Sastre relaxed before Vuelta start

After his second place in last year's Vuelta and fourth (third if Floyd Landis is disqualified) in...

After his second place in last year's Vuelta and fourth (third if Floyd Landis is disqualified) in the Tour de France, Carlos Sastre heads to this year's Tour of Spain as one of the biggest favourites. He was initially unsure about his participation due to the fact that he also rode the Giro d'Italia this year but any fears that he would be feeling flat were removed after he had a strong performance in the Clasica San Sebastián two weeks ago.

"My form is not bad," a relaxed Sastre told Cyclingnews at the teams presentation in Málaga's Plaza de la Constitución. "I feel recovered after the Tour the France and the season in general. This one has been hard for me but at this point in time I feel okay and that is what is important for making the decision [to take part in the Vuelta]."

Sastre confirmed his participation after the San Sebastián race, the CSC rider having gone clear in a dangerous break containing Denis Menchov and Iban Mayo on the final run in to the finish. Although they were caught before the end, it gave him the reassurance he needed to know that he could challenge in the Vuelta.
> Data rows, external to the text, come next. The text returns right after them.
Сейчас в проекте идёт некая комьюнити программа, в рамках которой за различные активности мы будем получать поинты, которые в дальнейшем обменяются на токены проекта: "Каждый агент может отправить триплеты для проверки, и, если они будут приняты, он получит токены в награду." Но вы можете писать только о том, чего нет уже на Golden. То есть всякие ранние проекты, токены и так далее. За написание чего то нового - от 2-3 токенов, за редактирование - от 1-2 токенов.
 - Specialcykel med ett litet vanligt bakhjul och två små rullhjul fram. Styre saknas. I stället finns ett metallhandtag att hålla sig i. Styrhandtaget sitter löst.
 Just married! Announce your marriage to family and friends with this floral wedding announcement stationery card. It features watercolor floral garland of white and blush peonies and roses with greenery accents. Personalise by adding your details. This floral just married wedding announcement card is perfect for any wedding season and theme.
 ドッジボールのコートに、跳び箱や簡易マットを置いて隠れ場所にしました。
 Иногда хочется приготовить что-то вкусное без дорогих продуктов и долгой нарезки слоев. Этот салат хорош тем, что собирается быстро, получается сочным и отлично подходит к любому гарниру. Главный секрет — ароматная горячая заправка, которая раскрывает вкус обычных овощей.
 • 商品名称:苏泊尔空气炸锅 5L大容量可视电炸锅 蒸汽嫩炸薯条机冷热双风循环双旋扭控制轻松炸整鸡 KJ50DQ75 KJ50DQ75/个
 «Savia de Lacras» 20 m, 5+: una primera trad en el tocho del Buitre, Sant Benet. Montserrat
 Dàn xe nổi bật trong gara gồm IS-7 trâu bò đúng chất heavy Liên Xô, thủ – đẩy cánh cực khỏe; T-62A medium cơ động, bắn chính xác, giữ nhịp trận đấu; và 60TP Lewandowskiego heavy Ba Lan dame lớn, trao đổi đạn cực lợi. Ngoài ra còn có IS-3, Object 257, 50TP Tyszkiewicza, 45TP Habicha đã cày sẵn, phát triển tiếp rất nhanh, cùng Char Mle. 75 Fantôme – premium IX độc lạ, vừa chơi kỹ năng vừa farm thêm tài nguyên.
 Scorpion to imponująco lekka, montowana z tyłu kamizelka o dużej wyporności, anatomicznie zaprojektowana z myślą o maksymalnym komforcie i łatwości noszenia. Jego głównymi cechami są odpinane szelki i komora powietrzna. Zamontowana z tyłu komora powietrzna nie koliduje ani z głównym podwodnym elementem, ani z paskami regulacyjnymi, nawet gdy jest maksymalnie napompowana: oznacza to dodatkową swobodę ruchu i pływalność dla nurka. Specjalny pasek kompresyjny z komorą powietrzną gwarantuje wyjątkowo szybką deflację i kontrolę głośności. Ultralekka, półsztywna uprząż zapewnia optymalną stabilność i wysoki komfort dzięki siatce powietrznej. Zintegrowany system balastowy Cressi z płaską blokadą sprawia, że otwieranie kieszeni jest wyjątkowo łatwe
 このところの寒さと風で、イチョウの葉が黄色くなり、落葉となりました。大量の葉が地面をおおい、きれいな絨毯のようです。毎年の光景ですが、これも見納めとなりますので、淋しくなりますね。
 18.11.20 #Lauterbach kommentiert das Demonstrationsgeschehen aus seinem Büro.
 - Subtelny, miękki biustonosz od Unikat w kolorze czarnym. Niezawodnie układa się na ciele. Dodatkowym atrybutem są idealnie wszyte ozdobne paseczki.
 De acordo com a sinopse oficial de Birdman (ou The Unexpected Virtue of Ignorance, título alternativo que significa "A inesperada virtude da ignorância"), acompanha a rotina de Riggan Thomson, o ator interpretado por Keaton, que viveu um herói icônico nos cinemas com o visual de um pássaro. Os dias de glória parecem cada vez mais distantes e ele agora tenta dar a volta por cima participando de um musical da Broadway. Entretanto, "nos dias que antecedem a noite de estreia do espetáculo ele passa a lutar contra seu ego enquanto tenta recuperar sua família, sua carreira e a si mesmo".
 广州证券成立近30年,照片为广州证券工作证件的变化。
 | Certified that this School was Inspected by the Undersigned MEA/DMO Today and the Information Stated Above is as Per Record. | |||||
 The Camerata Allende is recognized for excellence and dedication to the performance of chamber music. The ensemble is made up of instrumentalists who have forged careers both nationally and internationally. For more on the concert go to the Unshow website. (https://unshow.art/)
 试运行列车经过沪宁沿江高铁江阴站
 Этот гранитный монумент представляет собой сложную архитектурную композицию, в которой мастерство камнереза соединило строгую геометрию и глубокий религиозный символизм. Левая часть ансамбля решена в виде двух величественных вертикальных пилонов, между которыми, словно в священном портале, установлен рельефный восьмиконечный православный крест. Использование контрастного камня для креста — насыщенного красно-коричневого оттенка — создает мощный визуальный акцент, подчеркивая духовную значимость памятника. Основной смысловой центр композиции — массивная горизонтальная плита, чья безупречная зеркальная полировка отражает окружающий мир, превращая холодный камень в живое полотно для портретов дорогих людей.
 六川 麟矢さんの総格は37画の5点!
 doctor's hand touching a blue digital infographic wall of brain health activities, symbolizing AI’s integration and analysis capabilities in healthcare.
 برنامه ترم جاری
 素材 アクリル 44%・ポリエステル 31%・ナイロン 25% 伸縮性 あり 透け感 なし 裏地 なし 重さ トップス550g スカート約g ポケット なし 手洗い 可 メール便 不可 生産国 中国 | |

"I was a little surprised as to how good I felt there," he said. "Before San Sebastian I didn't train too hard but I felt good there. The last part was really tough because there was a headwind and because of that, we didn't stay away to the finish line. But we tried and it was a really positive experience.

"Since then, I spent a week and a half at home, training and spending time with my family. Then last Wednesday I went and saw the ninth stage of this race, the one to Alto de la Cobertoria in was really, really hard."

As was the case when asked about the Vuelta course on the day of the Clasica San Sebastián, Sastre is probably best described as accepting rather than enthusiastic. "It is the course that we have to do. It is not bad, I don't know if it is the best but we will know more about that at the end of the race. We have enough time in the time trials and the mountain stages to gain and lose everything."

When asked about his rivals, he is reluctant to name names. "At the moment, 180 riders will start tomorrow [189 – ed.] and at this point, all of them are dangerous. I have respect for all of them. We have some strong riders here. We will know more about the contenders in the next few days."